The input list of sentences:
sentences = [
    """Well, I've tried to say "How Doth the Little Busy Bee," but it all came different!""",
    """Alice replied in a very melancholy voice. She continued, 'I'll try again.'"""
]
The desired output:
How Doth the Little Busy Bee,
I'll try again.
Is there a way to extract the citations (can appear in both single and double quotes) with nltk with built-in or third-party tokenizers?

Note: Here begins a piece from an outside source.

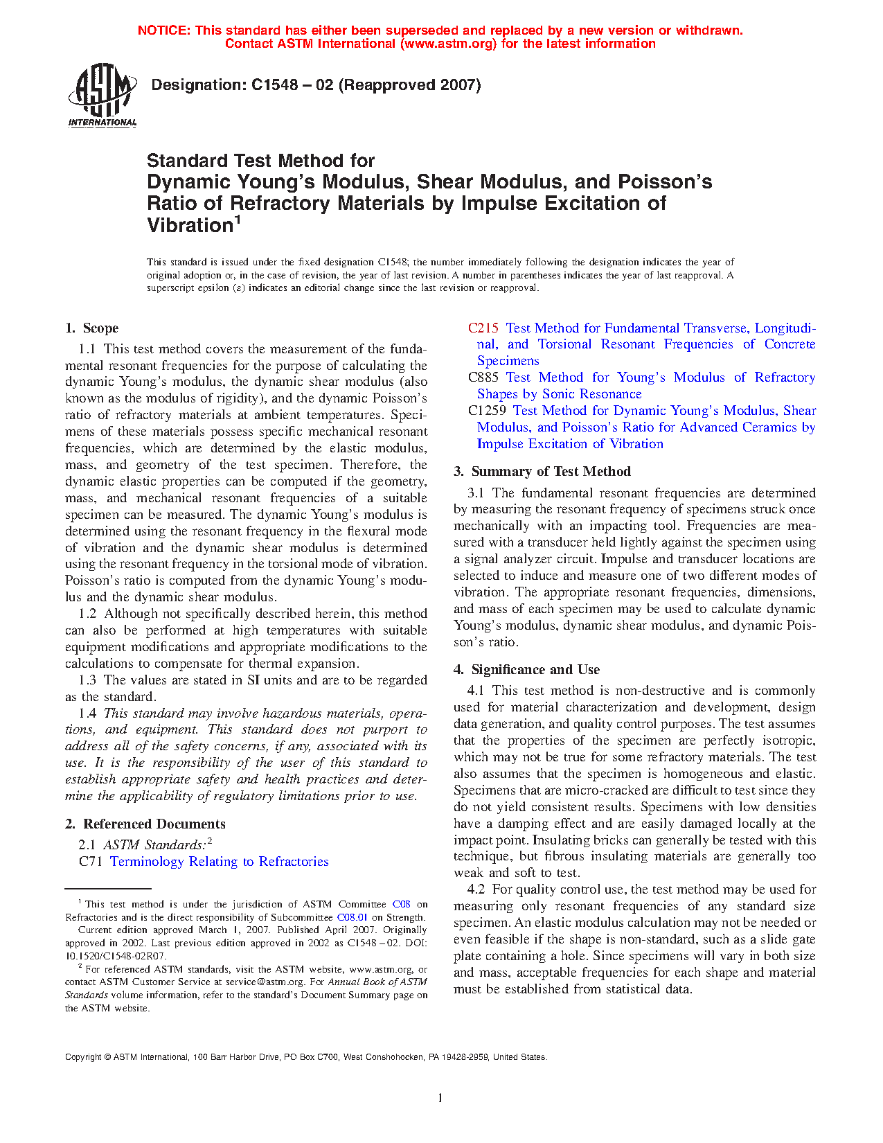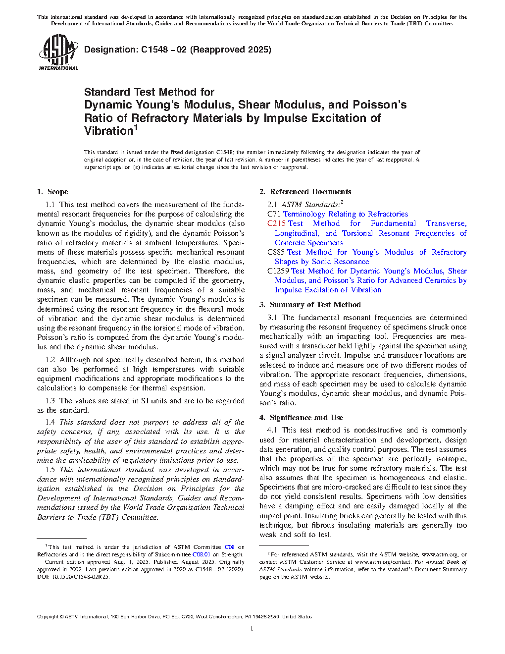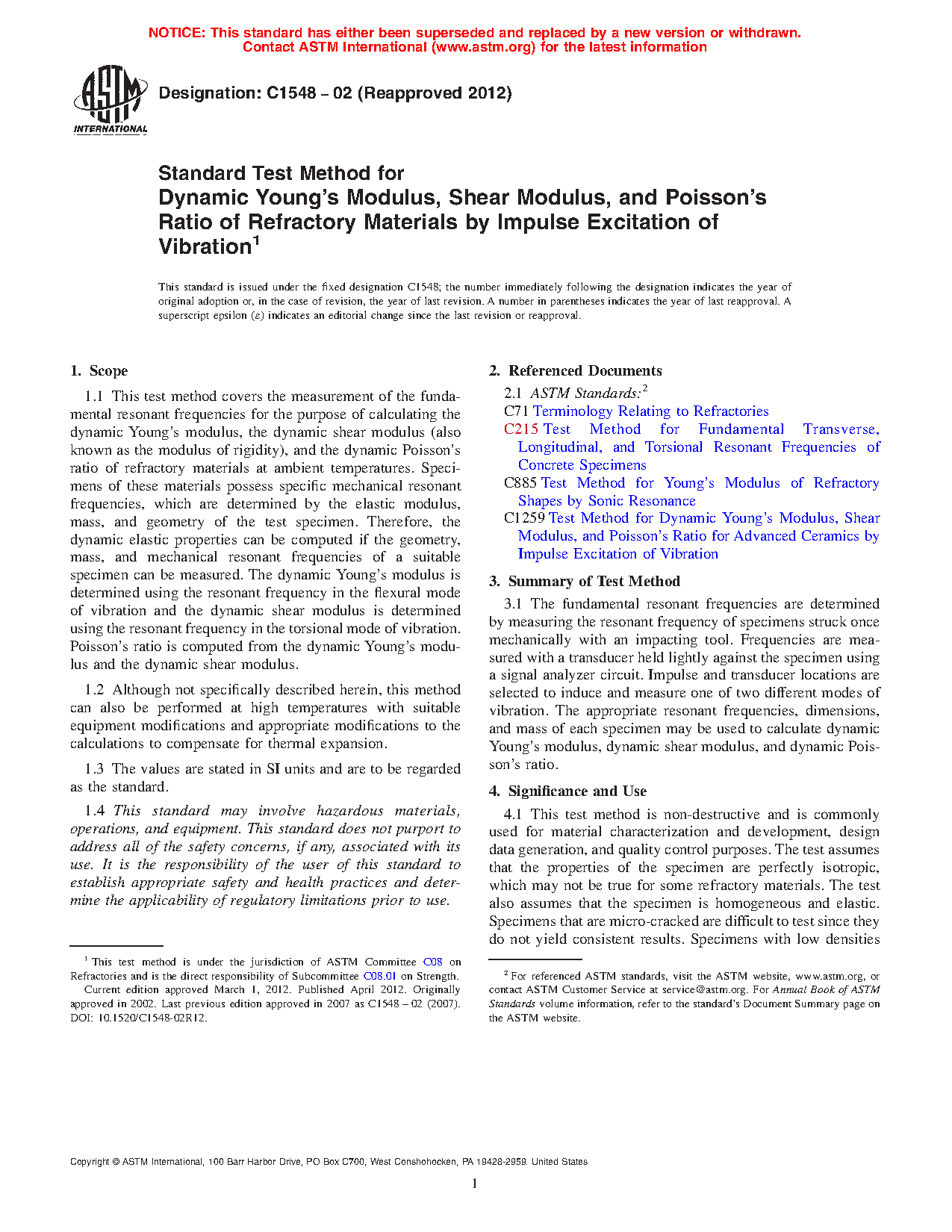 1.1 This test method covers the measurement of the fundamental resonant frequencies for the purpose of calculating the dynamic Young’s modulus, the dynamic shear modulus (also known as the modulus of rigidity), and the dynamic Poisson’s ratio of refractory materials at ambient temperatures. Specimens of these materials possess specific mechanical resonant frequencies, which are determined by the elastic modulus, mass, and geometry of the test specimen. Therefore, the dynamic elastic properties can be computed if the geometry, mass, and mechanical resonant frequencies of a suitable specimen can be measured. The dynamic Young’s modulus is determined using the resonant frequency in the flexural mode of vibration and the dynamic shear modulus is determined using the resonant frequency in the torsional mode of vibration. Poisson’s ratio is computed from the dynamic Young’s modulus and the dynamic shear modulus.

I've tried using the SExprTokenizer tokenizer providing the single and double quotes as parens values but the result was far from the desired, e.g.:
In [1]: from nltk import SExprTokenizer
    ...: 
    ...: 
    ...: sentences = [
    ...:     """Well, I've tried to say "How Doth the Little Busy Bee," but it all came different!""",
    ...:     """Alice replied in a very melancholy voice. She continued, 'I'll try again.'"""
    ...: ]
    ...: 
    ...: tokenizer = SExprTokenizer(parens='""', strict=False)
    ...: for sentence in sentences:
    ...:     for item in tokenizer.tokenize(sentence):
    ...:         print(item)
    ...:     print("----")
    ...:     
Well,
I've
tried
to
say
"
How
Doth
the
Little
Busy
Bee,
"
 but it all came different!
----
Alice replied in a very melancholy voice. She continued, 'I'll try again.'
There were similar threads like this and this, but all of them suggest a regex-based approach, but, I'm curious if this can be solved with nltk only - sounds like a common task in Natural Language Processing.